Pas d’antitranspirant chez Weleda, bien noté. Que peut-on dire plus précisément de l’aspect purement déodorant ?

Le déodorant, lui, n’empêche pas la transpiration, mais empêche le développement d’odeurs qui peuvent être désagréables, et qui sont dues à des bactéries.

Mais les odeurs n’ont-elles pas elles aussi une fonction…?

On ne le sait pas… Mais ce qu’on sait depuis longtemps, c’est qu’un coup de savon les enlève aussi, et que ça ne semble pas poser de problème !

Vos précédentes formulations de déodorants avaient leur clientèle. Avaient-elles des limites ?

Elles étaient très appréciées. La raison pour laquelle nous avons cherché à les améliorer et à développer la gamme des déodorants, c’est qu’il y a une forte demande de « roll‘on » chez les consommateurs. C’est en travaillant sur ce conditionnement que nous avons cherché à renforcer leur action, car les tests n’étaient pas satisfaisants jusqu’à 24 heures, ce qui a constitué notre nouvel objectif.

Les  ingrédients que vous intégrez semblent être nombreux !

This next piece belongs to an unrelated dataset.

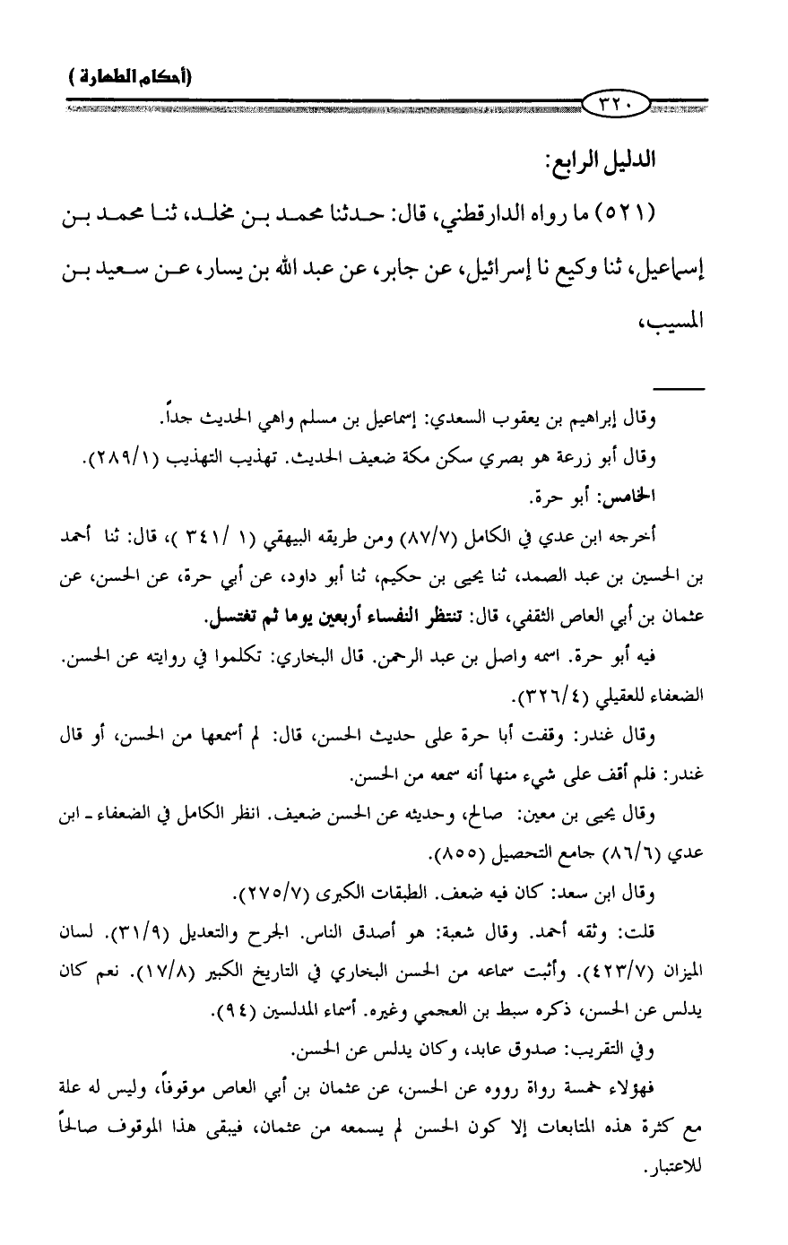 (521) ما رواه الدارقطني، قال: حدثنا محمد بن مخلد، ثنا محمد بن إسماعيل، ثنا وكيع نا إسرائيل، عن جابر، عن عبد الله بن يسار، عن سعيد بن المسيب،

Au cœur des produits d’hygiène et de cosmétique Weleda, il y a souvent 3 types d’actifs : des plantes ou extraits de plantes médicinales, des huiles essentielles, et souvent des huiles végétales. Ces dernières ne peuvent être présentes dans nos déodorants sous leur forme classique, pour des raisons de galénique.

Reprenons ces ingrédients, un par un. Pour les plantes ?

Dans les panels de plantes que l’on utilise, certaines sont apaisantes, d’autres émollientes et antimicrobiennes, d’autres antioxydantes. On intègre notamment de l’eau distillée d’hamamélis bio, et on y a rajouté des extraits de racine de réglisse, par le biais d’une teinture que nous réalisons nous-même, en bio. Ce que nous amenons principalement de nouveau dans cette formulation, c’est le citrate de triéthyle, un agent désodorisant obtenu à partir d’acide citrique provenant du citron, et d’éthanol, un alcool de blé bio.

Les huiles essentielles ?

Nous en avons une très bonne connaissance depuis longtemps et en utilisons près de 200, toutes 100% naturelles. On intégrait déjà le romarin, le vétiver, le citrus aussi pour le déodorant du même nom, parmi une dizaine d’autres. Ainsi l’huile essentielle de davana par exemple, une plante indienne, que nous utilisons dans le déodorant grenade. Les huiles essentielles agissent au niveau de la transpiration, qu’elles contribuent à diminuer légèrement, même si ce n’est pas un objectif, comme nous l’avons dit. Les huiles essentielles sont bien entendu également un agent naturellement parfumant.

L’extrait d’huile végétale ?

C’est la deuxième nouveauté de ces formulations. Il s’agit d’un agent anti bactérien obtenu principalement à partir d’huile de coco, le Sodium Caproyl / Lauroyl Lactylate. Mais ce qu’il faut retenir, c’est qu’aucun des ingrédients cités ne pourrait agir efficacement seul. C’est vraiment la synergie de ces trois types d’ingrédients, tous d’origine végétale, qui permet l’efficacité de nos déodorants sur 24 heures. C’est là toute l’originalité du produit, conforme à la philosophie des produits cosmétiques Weleda.

Vous nous avez signalé que la nécessité de présenter un roll‘on était à l’origine des recherches que vous avez menées. Est-ce parce qu’il a une efficacité supérieure, par pression peut-être ?

Non, c’est juste que certains le préfèrent à l’usage. Sprays et roll’on ont la même action et la même efficacité.

Que dire de ce nouveau type d’emballage ?

La bille est en polypropylène, le support en polyéthylène basse densité. Le contenant ne relâche pas de produits chimiques, et l’interaction est bonne avec les huiles essentielles. Pas de perturbateurs endocriniens, ni phtalates ni bisphénols, bien sûr. Les emballages sont compatibles avec les exigences  Natrue, et tout est recyclable.